[Saved data entries]
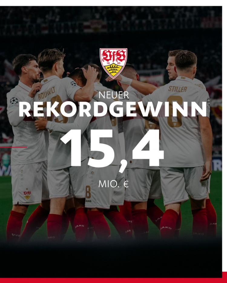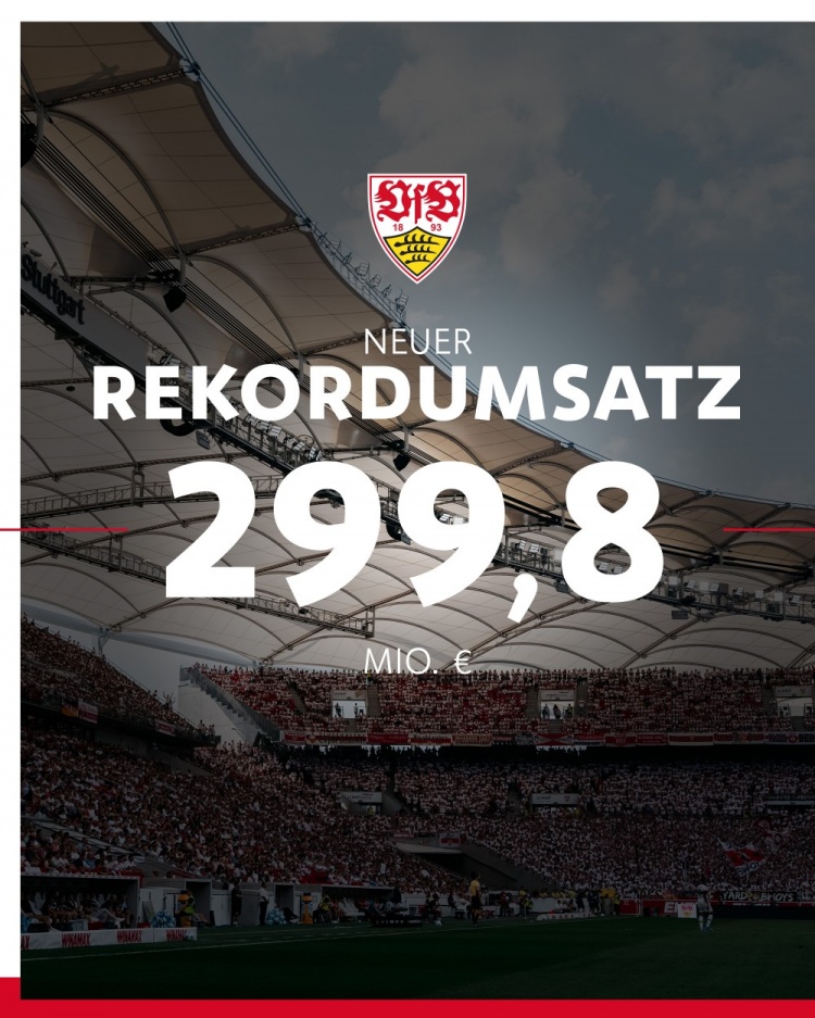 斯圖加特官推寫道:“斯圖加特1893股份公司在2024自然年的總收入為2.998億歐元,創(chuàng)下了俱樂部的歷史新高。同樣重要的是,利潤達到了1540萬歐元,也創(chuàng)下了歷史新高?!?/p>
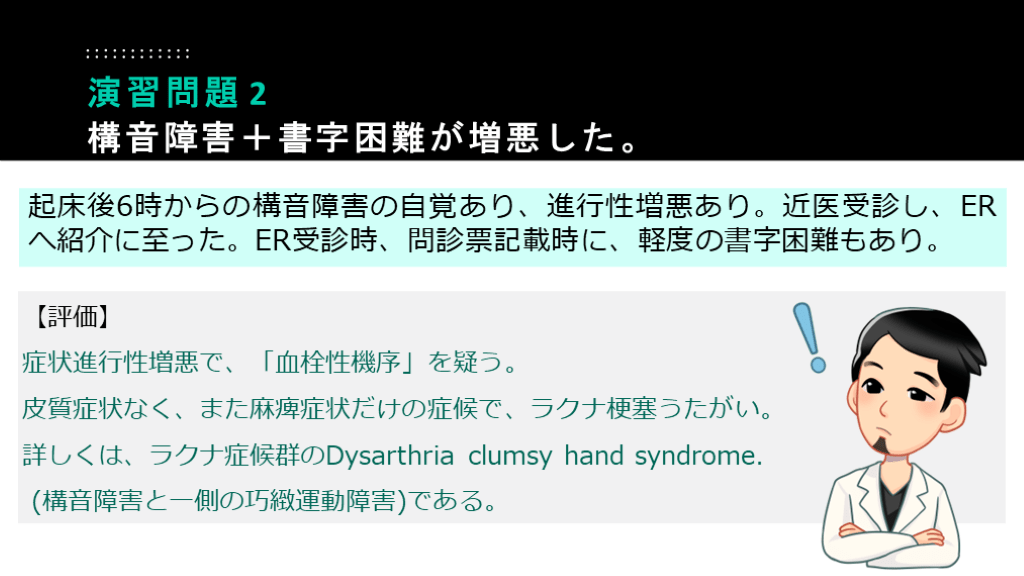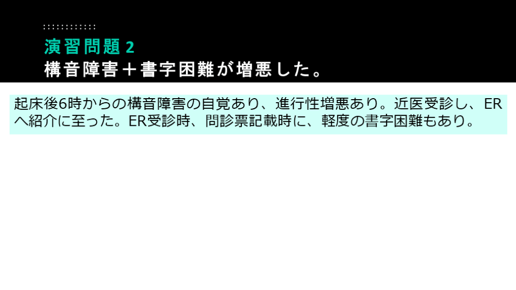 #51. 起床後6時からの構音障害の自覚あり、進行性増悪あり。近医受診し、ERへ紹介に至った。ER受診時、問診票記載時に、軽度の書字困難もあり。 演習問題 2
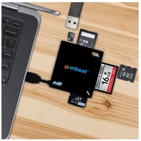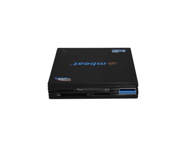 mbeat USB 3.0 High Speed Card Reader (SD, CF, XD and MS) designed for users that need a fast and efficient way to transfer large files such as high-resolution images or HD videos. It comes with 8 card slots to take SD, CF, XD and MS cards. It supports high capacity SDXC memory card up to 2TB and CF card in UDMA mode. The unit is compact and sleek, making it great for day-to-day use. The hidden USB data cable design also means that a separate USB cable is no longer needed. Additional features include dual slot SD/MicroSD card-to-card copy and no card adaptor request for small cards like MicroSD or SONY M2. It is USB 2.0 backward compatible and it works with MAC OS 10.4 and above.
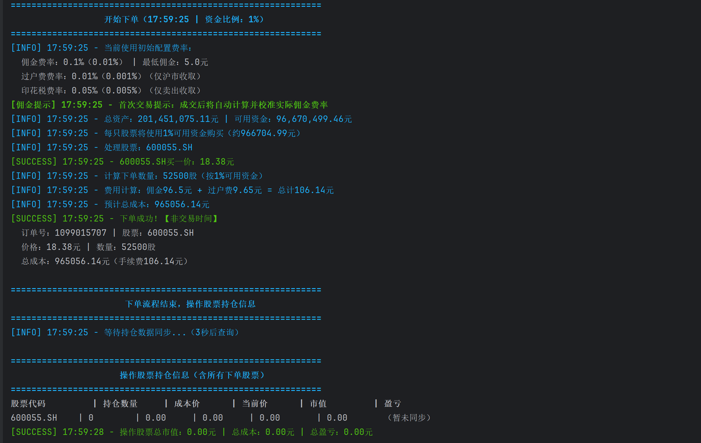 自动算仓位 + 下单:设好每只股用多少资金(比如 10% 可用资金),工具会自动算能买多少股(还会预留手续费,避免资金不够),不用手算;
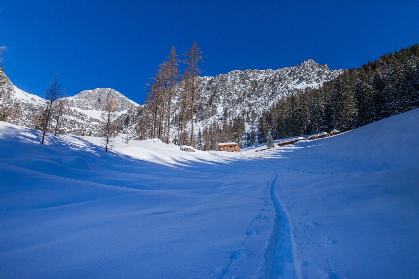 From the starting point via the Lärchbodenalm to the Guttenberghaus, which is not open in winter. From there, continue via the Gruberscharte into the Landfriedtal and from the north to the summit of the Scheichenspitze: the ascent to the summit is done without skis and with crampons. Descend via Edelgrießhöhe and from there along numerous downhill options or back to Gruberscharte and along the ascent route.
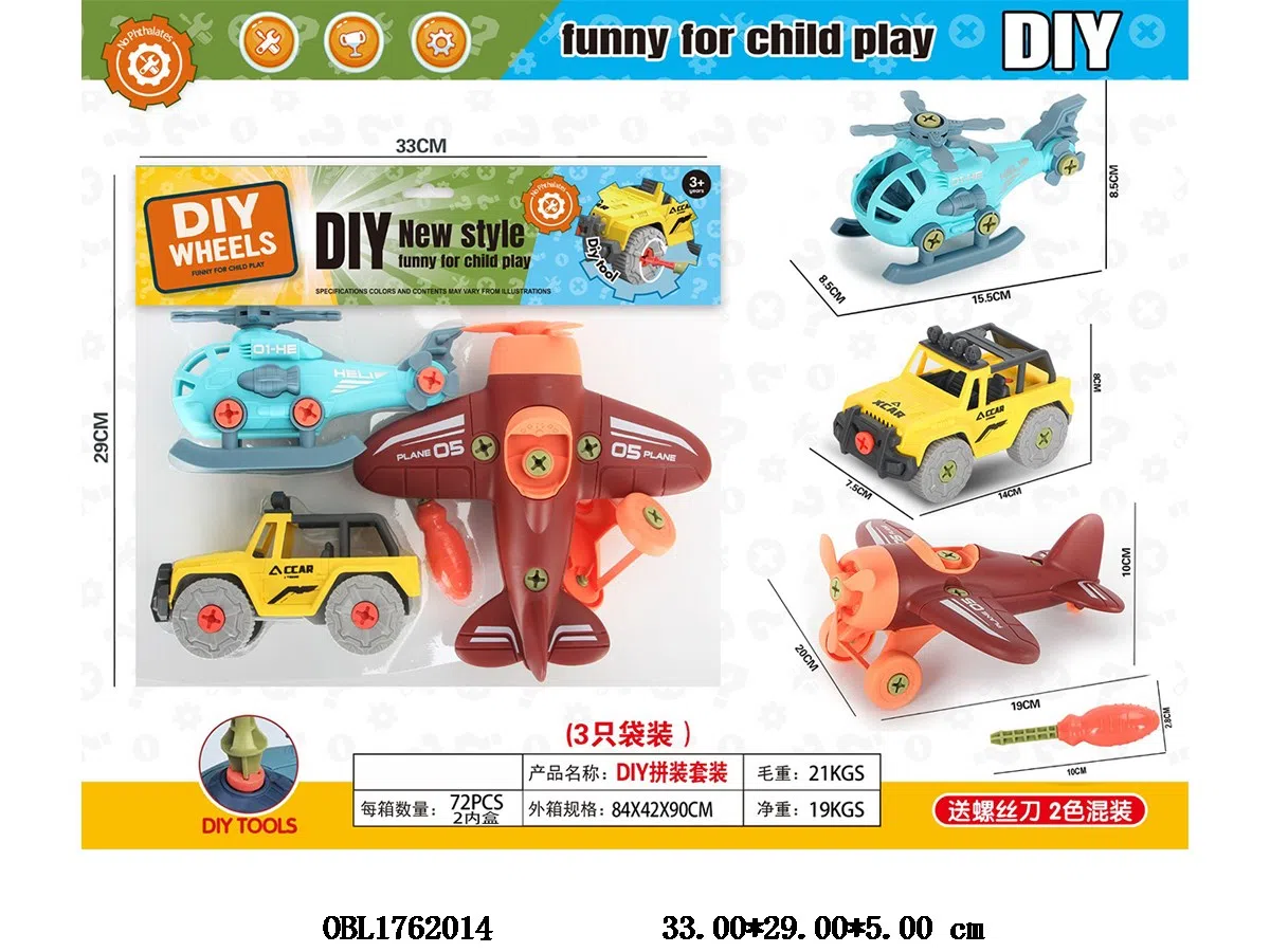 3只装DIY拼装车/飞机套装 螺丝刀2色混装
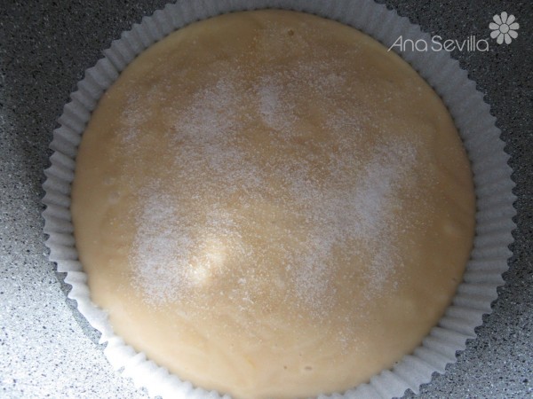 3- Espolvorear un poco de azúcar por encima. Hornear simultáneamente, olla menú Horno a 120º, 40 minutos y el cabezal de hornear 50 minutos a 130º-140º.
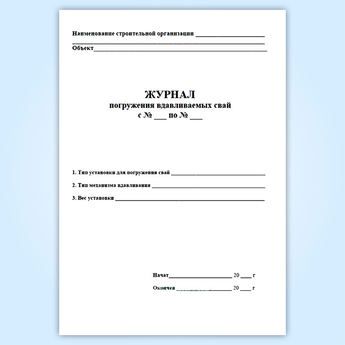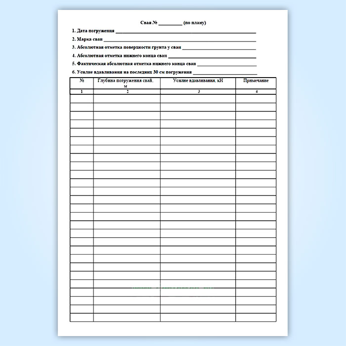 Форма журнала погружения вдавливаемых свай соответствует Приложению Д к Инструкции по проектированию и устройству свайных фундаментов зданий и сооружений, а также Приложению Д к СП 361.1325800.2017 Здания и сооружения. Защитные мероприятия в зоне влияния строительства подземных объектов
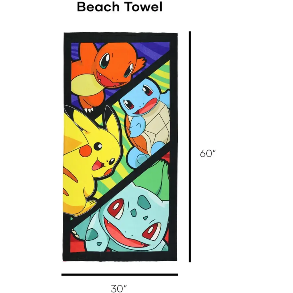 Pokemon Beach Towel Pikachu Charmander Bulbasaur Squirtle 30"x60" Multicolored
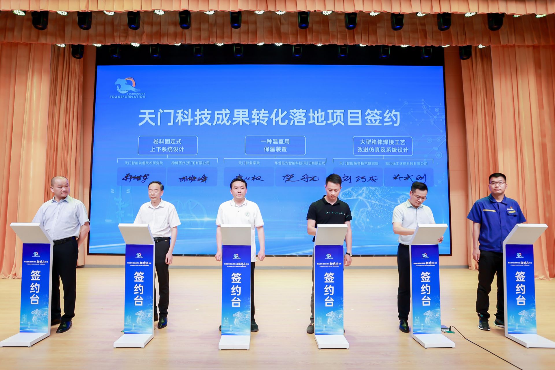 活動現(xiàn)場,天門智能裝備技術(shù)研究院、天門職業(yè)學(xué)院與穩(wěn)健醫(yī)療、天瑞電子、華普億方智能等企業(yè)的一批重大項目在現(xiàn)場成功簽約;天門職業(yè)學(xué)院與天門紡織機(jī)械、芯創(chuàng)(天門)電子、科瑞半導(dǎo)體等10家進(jìn)行了企業(yè)“雙掛牌”授牌儀式;來自華中科技大學(xué)、湖北工業(yè)大學(xué)、江漢大學(xué)、湖北科技學(xué)院以及天門智能裝備技術(shù)產(chǎn)業(yè)研究院的一批科研成果在現(xiàn)場進(jìn)行了推介路演。

▶ **WHAT TO WORK ON**
Retype the lines from the one containing "Pokemon Beach Towel" down to the last line of the records, both included, exactly and nothing more. Pictures stay out.

▶ **COMPLETED TASK**
 Pokemon Beach Towel Pikachu Charmander Bulbasaur Squirtle 30"x60" Multicolored
 活動現(xiàn)場,天門智能裝備技術(shù)研究院、天門職業(yè)學(xué)院與穩(wěn)健醫(yī)療、天瑞電子、華普億方智能等企業(yè)的一批重大項目在現(xiàn)場成功簽約;天門職業(yè)學(xué)院與天門紡織機(jī)械、芯創(chuàng)(天門)電子、科瑞半導(dǎo)體等10家進(jìn)行了企業(yè)“雙掛牌”授牌儀式;來自華中科技大學(xué)、湖北工業(yè)大學(xué)、江漢大學(xué)、湖北科技學(xué)院以及天門智能裝備技術(shù)產(chǎn)業(yè)研究院的一批科研成果在現(xiàn)場進(jìn)行了推介路演。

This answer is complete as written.